The Panel then proceeded to consider Ms. Mohamed’s substantive allegation that inducements and threats were made by a third-party in the presence of an AFC office-bearer for her to withdraw from the 2019 AFC Elections. The CAS Panel accepted her evidence in full, finding that she was a credible witness whose version of events was not contradicted by the AFC. The Panel held that the conduct at issue constituted a breach of the AFC Statutes, the AFC Electoral Code, the AFC Electoral Guidelines, the AFC Disciplinary and Ethics Code, and the FIFA Statutes.

The CAS Panel, however, held that it did not have the power to annul the elections tainted by gender discrimination and unlawful third-party interference, ruling that the power to do so rests with the AFC Congress.

The Panel further ordered the AFC to make a contribution towards Ms. Mohamed’s legal costs and to pay 75% of the costs of the arbitration.

Commenting on the case, Mark Mangan, partner, Singapore at Dechert LLP, said, “These are landmark decisions. First of all, the appeals vindicate Ms. Mohamed, whose allegations were all upheld. It is never easy to come forward with serious allegations against established interests and have the courage to see them through. She deserves enormous credit. Secondly, if I may say, the appeals vindicate the strategy we deployed to ensure that Ms. Mohamed was able to be heard by an independent CAS panel, and in the process established important precedents in sports jurisprudence.”

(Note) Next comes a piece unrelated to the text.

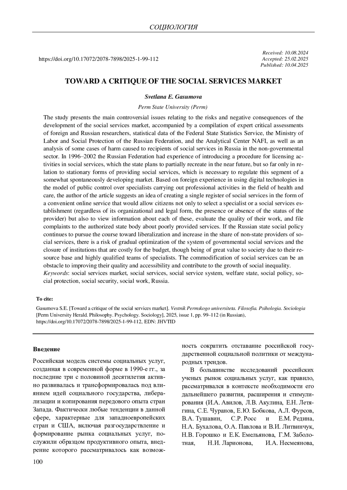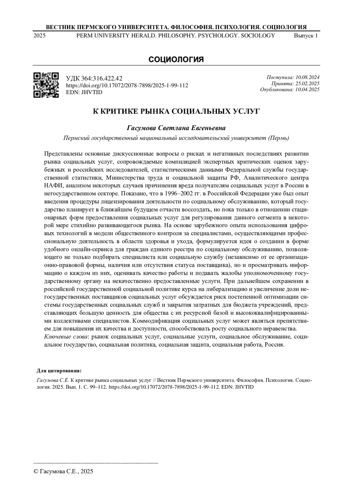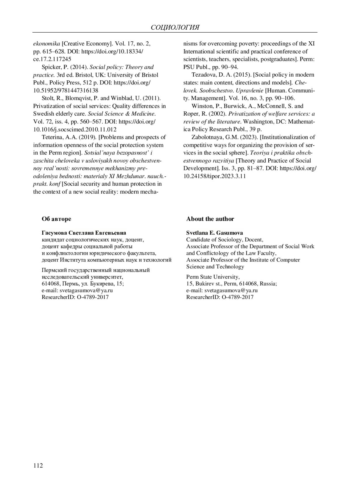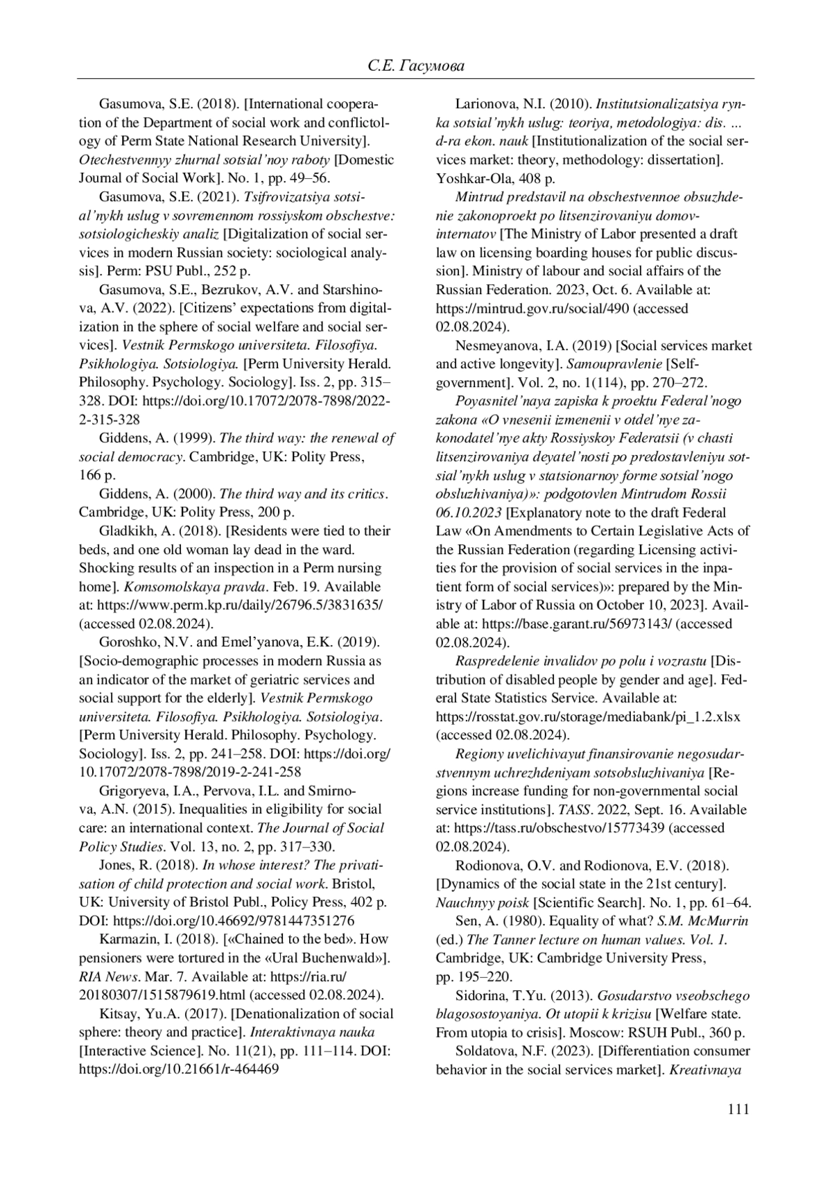 10. Гасумова С.Е., Безруков А.В., Старшинова А.В. Ожидания граждан от цифровизации в сфере социальной защиты и социальных услуг // Вестник Пермского университета. Философия. Психология. Социология. 2022. Вып. 2. С. 315-328. DOI: 10.17072/2078-7898/2022-2-315-328 EDN: PBENVH

Mangan added: “It is difficult to prove a denial of justice, corruption (which by definition lurks in the shadows) or indeed gender discrimination, let alone prove all three in the one set of related proceedings in a hearing conducted remotely. Thus, the appeals represent a significant triumph in the struggle for diversity and transparency in sports governance, particularly here in Asia. It is a good day for Ms. Mohamed and international arbitration.”

Prior to elevating the matter to CAS, Dechert advised Ms Mohamed on the internal investigations conducted by the AFC and represented her in an in-person interview conducted by the AFC Disciplinary & Ethics Committee in Kuala Lumpur.

The Dechert team was led by Singapore-based partner Mark Mangan, supported by associates Ananya Mitra, Henry Defriez and Shilun Chen.